It is the single most important statistic regarding
the illegal US invasion and occupation of Iraq. How many Iraqis have been killed?
655,000.
655,000 Iraqis killed as a result of the US invasion and occupation of Iraq.
I have worked for eight months in Iraq as a journalist, witnessing the carnage
on a daily basis, visiting the morgues with bodies and body parts piled into
them, meeting family after family who had lost a loved one, or more ... Finally,
we get an accurate figure that shows how immense the scale of the long drawn
carnage really is.
The first Lancet Report, published on October 29, 2004, reported that
there were 100,000 "excess" Iraqi deaths as the result of the US invasion
and occupation. (Excess deaths are the difference between pre-invasion and post-invasion
mortality rates.) Whenever I have given public presentations about the occupation,
I have invariably found myself in a difficult position due to the lack of a
more realistic and recent figure I can cite, knowing full well that the number
was grossly higher than 100,000.
The least I could do was mention that Les Roberts, one of the authors of that
report, is known to have said this past February that the number of Iraqi casualties
could be over 300,000. And now, we know it is far higher, which merely confirms
what most Iraqis already know.
In the context of the horror stories that have reached us over the three-plus
years of the occupation, this latest figure is not nearly as shocking as when
the first Lancet report was published in October of 2004. It has been
abundantly clear since then that the number of Iraqis being killed by and because
of the occupation has continued to increase exponentially.

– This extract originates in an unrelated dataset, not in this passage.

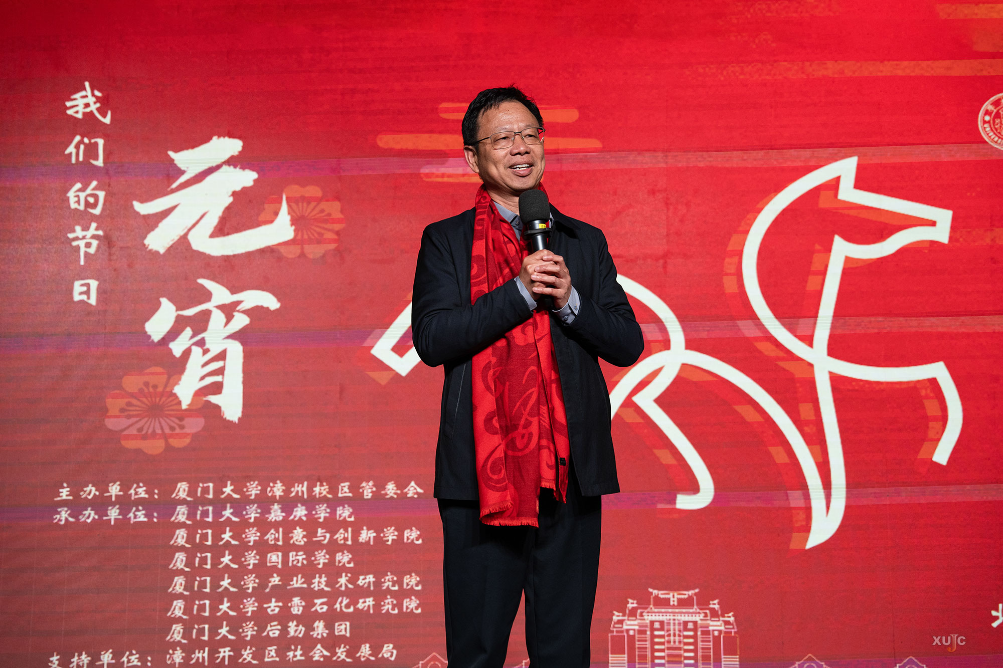 备受期待的元宵晚会在漳州开发区大径社区后村大鼓凉伞队的精彩表演中拉开帷幕。漳州开发区党委副书记、管委会常务副主任刘英杰,党委委员、招商局漳州开发区有限公司副总经理许红明,教育卫生局局长谷家伦,党委办公室副主任、宣传部副部长郑游楚;厦门大学漳州校区管委会主任、嘉庚学院党委常务副书记李军,漳州校区管委会副主任张军奎,嘉庚学院党委副书记杨云良,以及来自校区其他单位和厦大附小、附中的领导嘉宾,与师生共庆佳节。

The recent survey, like the first one, was conducted by Iraqi physicians and
overseen by epidemiologists at Johns Hopkins University's Bloomberg School of
Public Health. The findings are based on interviews with a random sampling of
households from across Iraq. This survey yielded the same estimate of deaths
immediately following the occupation, as the first survey. It also found that
30% of the reported deaths are caused by the occupation forces.
This study is the only one, other than the first study published in The Lancet,
that calculates mortality in Iraq using scientific methods. It is a technique
of "cluster sampling" also used to estimate mortality caused by famines
and after natural disasters.
The 2004 survey came under fire from pro-war critics and from the supposedly
antiwar group Iraq Body Count (IBC) which currently claims a ridiculously low
figure between 44,000 and 49,000 dead Iraqis. In the past, the figure generated
by IBC has been quoted by George W. Bush.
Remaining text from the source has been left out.